If you read my recent post, Backing Your Guests With Huge Pages, you might remember me mentioning that the ability to back your KVM guests with hugepages is on its way to OpenStack. This functionality is planned for the Juno release. If you are just learning about hugepages, as I am, you may be wondering how this functionality could benefit you.
What This Means for OpenStack
OpenStack Compute, also known as Nova, is a feature rich service that streamlines the creation, use, and management of virtual machines. That being said, it still is not able to expose all of the functionality that your hypervisor provides. The hugepages blueprint, among others, brings OpenStack closer to providing you all of the options you could use to tweak your guest machines.
It should be noted that the hugepages blueprint is targeted towards hypervisors that use libvirt.

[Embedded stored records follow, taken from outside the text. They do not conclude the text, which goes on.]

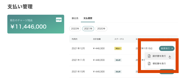 マイページ > 支払管理 より過去に発行した請求書および領収書がダウンロードできます。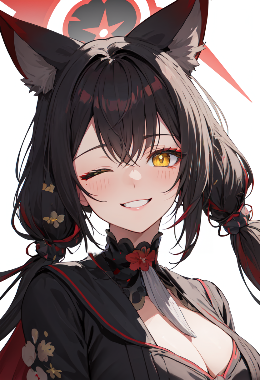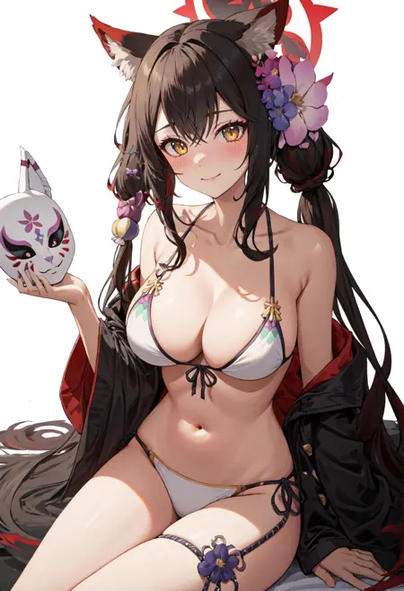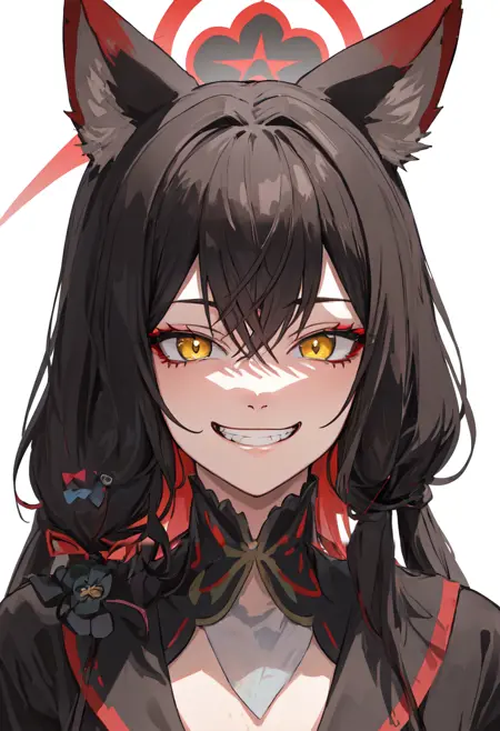 トリガーワードはwakamo_bluearchive、削除されたタグはfox_ears, animal_ears, long_hair, animal_ear_fluff, fox_girl, black_hair, yellow_eyes, halo, breasts, multicolored_hair, large_breasts, fox_tail, tail, hair_ornament, red_hair, hair_flower, colored_inner_hair, two-tone_hairです。ある特徴(例:髪の色)が安定しない場合、これらのタグをプロンプトに追加してください。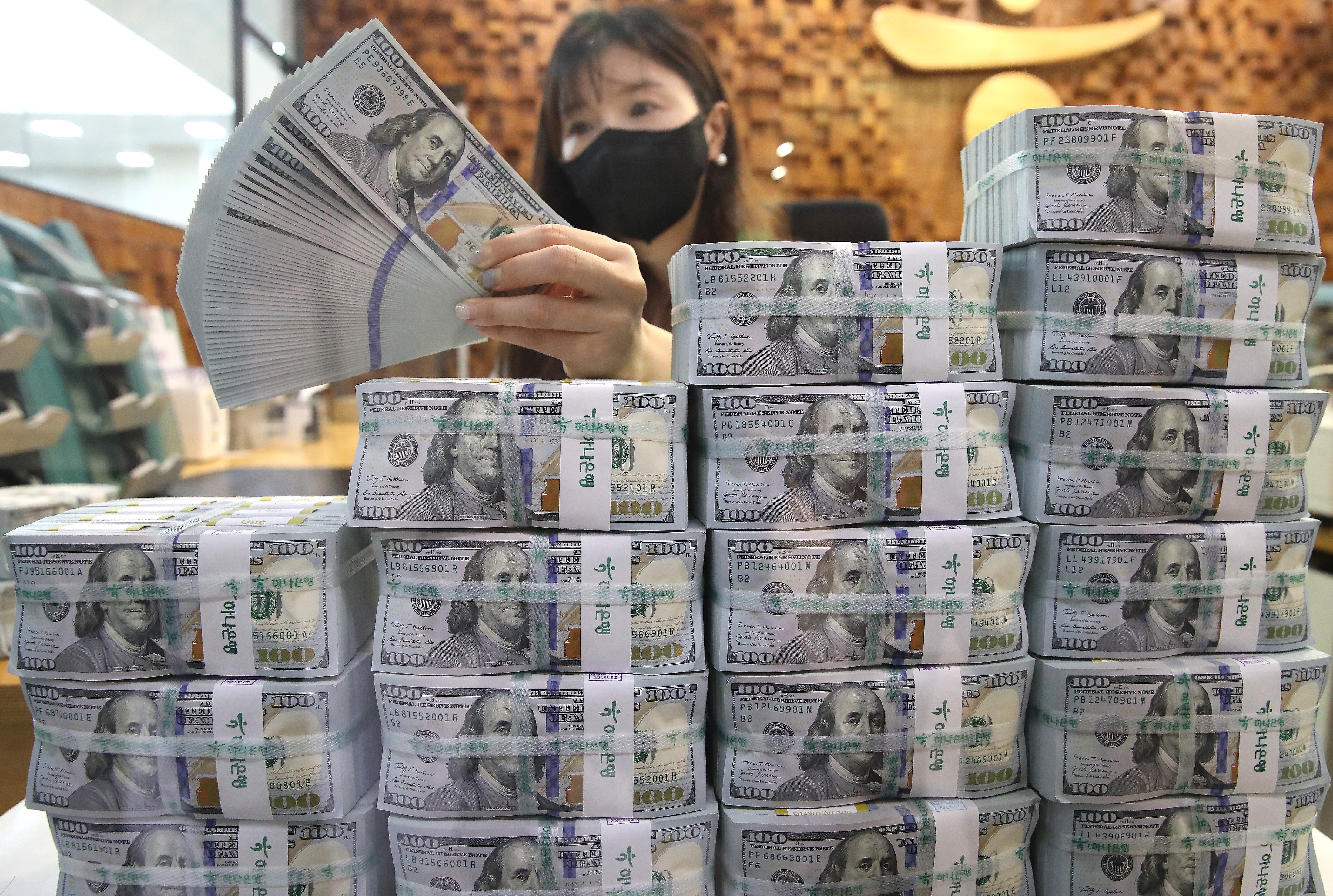 서울 중구 하나은행 위변조대응센터에서 직원이 달러를 정리하고 있다./뉴스1 |

General Benefits of Hugepages
The advantages of hugepages are not widely applicable. Such benefits are seen in very specific workloads. Nevertheless, your workload may be one that does benefit from hugepages so it is worth knowing about.
Hugepages have several interesting properties. Two of these properties can be quite useful, and though I mentioned them in my previous post, allow me to expand upon each.
Property: Each hugepage is, as the name implies, large. Its size is a multiple of the standard page size.
Benefits: It goes without saying that you can fit more in a hugepage than a standard page. What you might not be thinking is how this improves the performance of TLB lookups. With hugepages, finding an address is faster as fewer entries are needed in the TLB to provide memory coverage.
Drawbacks and Other Observations: You should only use hugepages if the workload you are performing will use the space in the hugepages. Otherwise you will end up with severely fragmented memory. It should also be noted that the speedup seen in the TLB look up will not be the same on each machine. Let's take a look at an example comparing two hypothetical machines, A and B. For simplicity let's assume that page size is the same on both machines, while the hugepage size is larger on Machine A. On Machine A, 10 hugepages takes up 40% of memory. On Machine B 10 hugepages take up only 20% of memory. This means that to achieve memory coverage, more TLB entries will be needed on Machine B than for Machine A. Therefore, the benefits of hugepages would be seen more on Machine A than they would on Machine B
Property: Hugepages are pinned to memory. This means they do not get swapped in and out from RAM.
Benefits: The overhead for paging in and out is effectively eliminated. This provides a significant boost in performance.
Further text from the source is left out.